For example in this pdf https://bpb-ca-c1.wpmucdn.com/sites.uoguelph.ca/dist/8/175/files/2021/04/Fib_lin_alg.pdf
The author created a matrix from the output of Fibonacci sequence in group of $2$, and take $2$ of the group
Fibonacci sequence 0 1 1 2 3 5 8 13 21 34
Group of 2
fi 0 1 1 2 3
fi+1 1 1 2 3 5
Take first $2$ group, make it into matrix
0 1
1 1
And you can just multiply the matrix $n$ times to get $F(n)$.
Whats the intuitive explanation or proof of that?
Does that work with any recurrence sequence?
What topic or textbook should I read to learn more about this?
Suppose you were generating the Fibonnaci sequence term-by-term. Consider the ordered pair $(x,y)$ where $x$ is the "current" Fibonacci number and $y$ is the "previous" Fibonacci number. Then the task of generating the next Fibonnaci number amounts to the transformation $$ x\mapsto x+y,\quad y\mapsto x$$ That is, we update the "current" Fibonnaci number and reassign $x$ as the previous one.

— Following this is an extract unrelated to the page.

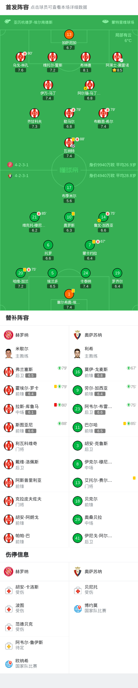 赫罗纳vs奥萨苏纳:勒马尔、布林德首发,布季米尔、哈维-加兰出战

But this is a linear transformation on $(x,y)$, which the matrix given in the problem implements.
This works more generally for an $n$th-order linear recurrence: If you start with one term in the sequence along with the previous $n-1$ terms, then the transformation which "updates" this set of $n$ values is a linear transformation and hence can be implemented using a matrix.